Pour Jean-Baptiste Henry de Diesbach, président du Conseil d’administration du diocèse de Lausanne, Genève, Fribourg, « si l’on pousse cette logique à l’extrême, cela pourrait poser des problèmes, car deux régimes diamétralement opposés entrent en concurrence. Une association fonctionne en effet selon un mode démocratique et son assemblée générale peut en théorie à tout moment modifier ses statuts, tandis que l’Eglise est régie par un type de gouvernement monarchique ». Si cela se comprend par la nécessité de préserver l’unité de la foi, à rebours, on pourrait imaginer qu’une assemblée générale décide de salarier, à la place du curé, un assistant social ou de vendre les biens de l’association paroissiale sans en référer à l’évêque. « Fort heureusement, précise-t-il, la bonne volonté de chacune des parties fait que les choses fonctionnent de concert. » Des passerelles existent aussi de part et d’autre. La législation fribourgeoise connait par exemple une spécificité qui oblige le notaire à se référer au droit canon pour certains actes.

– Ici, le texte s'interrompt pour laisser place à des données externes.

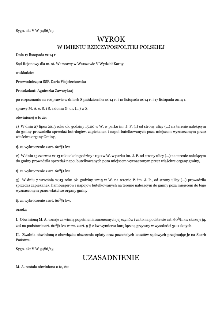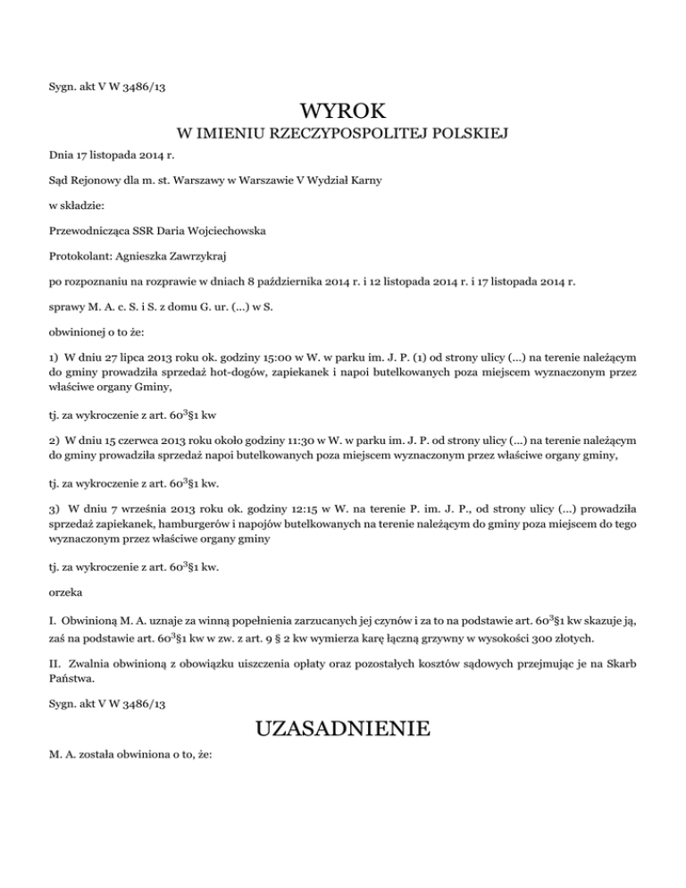Sygn. akt V W 3486/13 WYROK W IMIENIU RZECZYPOSPOLITEJ POLSKIEJ Dnia 17 listopada 2014 r. Sąd Rejonowy dla m. st. Warszawy w Warszawie V Wydział Karny w składzie: Przewodnicząca SSR Daria Wojciechowska Protokolant: Agnieszka Zawrzykraj po rozpoznaniu na rozprawie w dniach 8 października 2014 r. i 12 listopada 2014 r. i 17 listopada 2014 r. sprawy M. A. c. S. i S. z domu G. ur. (...) w S. obwinionej o to że: 1) W dniu 27 lipca 2013 roku ok. godziny 15:00 w W. w parku im. J. P. (1) od strony ulicy (...) na terenie należącym do gminy prowadziła sprzedaż hot-dogów, zapiekanek i napoi butelkowanych poza miejscem wyznaczonym przez właściwe organy Gminy, tj. za wykroczenie z art. 603§1 kw 2) W dniu 15 czerwca 2013 roku około godziny 11:30 w W. w parku im. J. P. od strony ulicy (...) na terenie należącym do gminy prowadziła sprzedaż napoi butelkowanych poza miejscem wyznaczonym przez właściwe organy gminy, tj. za wykroczenie z art. 603§1 kw. 3) W dniu 7 września 2013 roku ok. godziny 12:15 w W. na terenie P. im. J. P., od strony ulicy (...) prowadziła sprzedaż zapiekanek, hamburgerów i napojów butelkowanych na terenie należącym do gminy poza miejscem do tego wyznaczonym przez właściwe organy gminy tj. za wykroczenie z art. 603§1 kw. orzeka I. Obwinioną M. A. uznaje za winną popełnienia zarzucanych jej czynów i za to na podstawie art. 603§1 kw skazuje ją, zaś na podstawie art. 603§1 kw w zw. z art. 9 § 2 kw wymierza karę łączną grzywny w wysokości 300 złotych. II. Zwalnia obwinioną z obowiązku uiszczenia opłaty oraz pozostałych kosztów sądowych przejmując je na Skarb Państwa. Sygn. akt V W 3486/13 UZASADNIENIE M. A. została obwiniona o to, że: 4) W dniu 27 lipca 2013 roku ok. godziny 15:00 w W. w parku im. J. P. (1) od strony ulicy (...) na terenie należącym do gminy prowadziła sprzedaż hot-dogów, zapiekanek i napoi butelkowanych poza miejscem wyznaczonym przez właściwe organy Gminy, tj. za wykroczenie z art. 603§1 kw 5) W dniu 15 czerwca 2013 roku około godziny 11:30 w W. w parku im. J. P. od strony ulicy (...) na terenie należącym do gminy prowadziła sprzedaż napoi butelkowanych poza miejscem wyznaczonym przez właściwe organy gminy, tj. za wykroczenie z art. 603§1 kw. 6) W dniu 7 września 2013 roku ok. godziny 12:15 w W. na terenie P. im. J. P., od strony ulicy (...) prowadziła sprzedaż zapiekanek, hamburgerów i napojów butelkowanych na terenie należącym do gminy poza miejscem do tego wyznaczonym przez właściwe organy gminy tj. za wykroczenie z art. 603§1 kw. Na podstawie całokształtu zebranego w sprawie materiału dowodowego Sąd Rejonowy ustalił następujący stan faktyczny: W dniu 15 czerwca 2013 roku funkcjonariusze Straży Miejskiej A. C. i T. B. wraz z pracownikiem (...) D. O. – R. D. pełnili służbę patrolową. Około godziny 11:30 udali się na teren parku im. J. P. (1) w W., gdzie zauważyli stojącą od strony ulicy (...) przyczepę. Idąc w jej kierunku ujawnili oni, iż z wnętrza przyczepy prowadzona jest sprzedaż produktów żywnościowych: kobieta przebywająca na terenie stoiska wydała mężczyźnie dwie zamknięte butelki 0,5 l. z wodą i sokiem pomarańczowym bez kubków. Wylegitymowana kobieta, którą okazała się być M. A., oświadczyła, iż nie posiada zgody zarządcy na prowadzenie w tym miejscu sprzedaży obwoźnej, gdyż prowadzi ona jedynie usługi. Z uwagi na to, iż odmówiła ona przyjęcia mandatu karnego kredytowanego, poinformowano ją o skierowaniu sprawy do Sądu. W dniu 27 lipca 2013 roku strażnicy miejscy A. C. i T. M. pełnili służbę patrolową. Około godziny 15:00 patrolując wraz z pracownikiem (...) D. O. – R. D. oraz pracownikiem Zarządu (...) – zarządcą terenu, teren parku im. J. P. od strony ulicy (...) w W., zwrócili uwagę na stoisko handlowe, w którym prowadzono sprzedaż hot-dogów, zapiekanek i napojów butelkowanych. Sprzedająca, którą okazała się być M. A. odmówiła przyjęcia mandatu karnego kredytowanego, oświadczając, iż wykonuje ona jedynie usługi. W dniu 7 września 2013 roku ok. godziny 12:15 w W. na terenie P. im. J. P., od strony ulicy (...) miała miejsce kolejna interwencja Straży Miejskiej z udziałem M. A.. Patrolujący teren P. M. strażnicy miejscy J. B. oraz D. W. ujawnili znajdujące się na terenie parku stoisko handlowe, w którym prowadzona była sprzedaż zapiekanek, hamburgerów i napojów butelkowanych. Kobieta, która prowadziła sprzedaż, tj. M. A. oświadczyła, iż nie posiada zezwolenia od zarządcy terenu, tj. Miasta S. W. na prowadzenie w tym miejscu sprzedaży. Z uwagi na to, iż odmówiła ona przyjęcia mandatu karnego kredytowanego, poinformowano ją o skierowaniu sprawy do Sądu. W trakcie wymienionych zdarzeń M. A. wykonywała pracę zleconą jej przez Z. S. na podstawie zawartej z nim w formie ustnej umowy o dzieło. Pracodawca M. Z. S. w ramach prowadzonej przez siebie działalności gospodarczej posiadał zaświadczenie o wpisie do ewidencji działalności gospodarczej wydane na postawie decyzji Zarządu D. W. m. st. W.. Przedmiotem prowadzonej przez niego działalności gospodarczej były m. in. ruchome placówki gastronomiczne, pozostała usługowa działalność gastronomiczna oraz sprzedaż detaliczna żywności, napojów i wyrobów tytoniowych prowadzona na straganach i targowiskach. Z uwagi na to, iż w rejonie P. P. M. nie są wydawane jakiekolwiek zezwolenia na zajmowanie pasa gruntu oraz prowadzenie w tym miejscu obwoźnej działalności gastronomicznej ze stoisk mobilnych, pracodawca M. A. nie posiadał stosownego zezwolenia na prowadzenie sprzedaży obwoźnej w tym miejscu. Powyższy stan faktyczny Sąd ustalił na podstawie: częściowych wyjaśnień obwinionej M. A. /k. 71, 5, 6, 20/, zeznań świadka A. C. /k. 71/, częściowych zeznań świadka Z. S. /k. 72/, a także notatek urzędowych /k. 1-2, 24-25/, kopii dokumentacji /k. 6-8, 32-34, 40-41, 45-47/, informacji ze stra

Qui peut vendre quoi et à qui ?
Du point de vue de l’Eglise, les transactions relatives aux biens sont très strictes et soumises à un triple veto. Toute vente immobilière dès 1 m2 doit obtenir l’aval de l’évêque. Ce dernier ne donnera son feu vert qu’après avoir obtenu le préavis positif du Conseil diocésain pour les affaires économiques (CDAE) et du Conseil presbytéral. De plus, si la vente dépasse les 5 millions, il faut encore en référer au Saint-Siège. Ces filets de sécurité sont importants pour éviter que des paroisses ou des congrégations religieuses ne se fassent avoir par des agents immobiliers peu scrupuleux. En outre, comme ces biens appartiennent de fait à une multitude d’entités fractionnées, l’évêque dispose d’une prérogative permettant de garder une vision d’ensemble quant à l’utilisation et la valorisation du patrimoine foncier de son diocèse.
Comment générer des revenus pour demain ?
A ce propos, Mgr Morerod a d’ailleurs fait un pas de plus dans la professionnalisation de ces structures. La mise sur pied d’un Conseil d’administration diocésain constitué de membres laïcs ultra compétents dans leur domaine (finance, immobilier, droit…) permet d’élaborer une vision stratégique à long terme pour les affaires temporelles. Comme le relève Jean-Baptiste Henry de Diesbach, « il est important d’anticiper aujourd’hui les revenus de demain, car tôt ou tard, on assistera à une baisse de l’impôt ecclésiastique et des subsides de l’Etat ».
En ce sens, un outil juridique comme le droit de superficie est intéressant. Il donne la possibilité de construire ou modifier un immeuble comme si l’acquéreur en était propriétaire, tout en permettant au véritable détenteur de dégager un revenu sur du long terme jusqu’à 100 ans et de récupérer le bien à la fin.
Ne pas désacraliser
Un bâtiment appartenant à une congrégation religieuse et aujourd’hui inoccupé peut être réaffecté par exemple au canton dans un but d’utilité publique, tout en continuant à générer des produits pour cette dernière. Une fondation ecclésiastique a ainsi mis un ancien couvent à disposition du canton de Fribourg, à long terme et contre une rente annuelle, pour y héberger des requérants d’asile et des réfugiés. L’opération permet l’accueil de migrants sans en gérer les aspects opérationnels, tout en assurant des revenus qui permettent notamment de financer la formation de futurs prêtres.
Ainsi même si l’Eglise catholique en Suisse romande ne vole pas la palme aux CFF en matière de propriété foncière, compte tenu du caractère fractionné de ses possessions, elle n’a néanmoins pas besoin de désacraliser à outrance ses édifices religieux pour trouver de nouvelles liquidités. Il arrive que cela se produise, comme au Locle où une chapelle de quartier a été transformée en villa, mais dans la majorité des cas, une réaffectation sera préférée à une vente pure et simple, tout comme une saine collaboration avec les cantons et les communes qui dans la plupart des cas continuent de la soutenir.
1 Fédération ecclésiastique catholique romaine du canton de Vaud.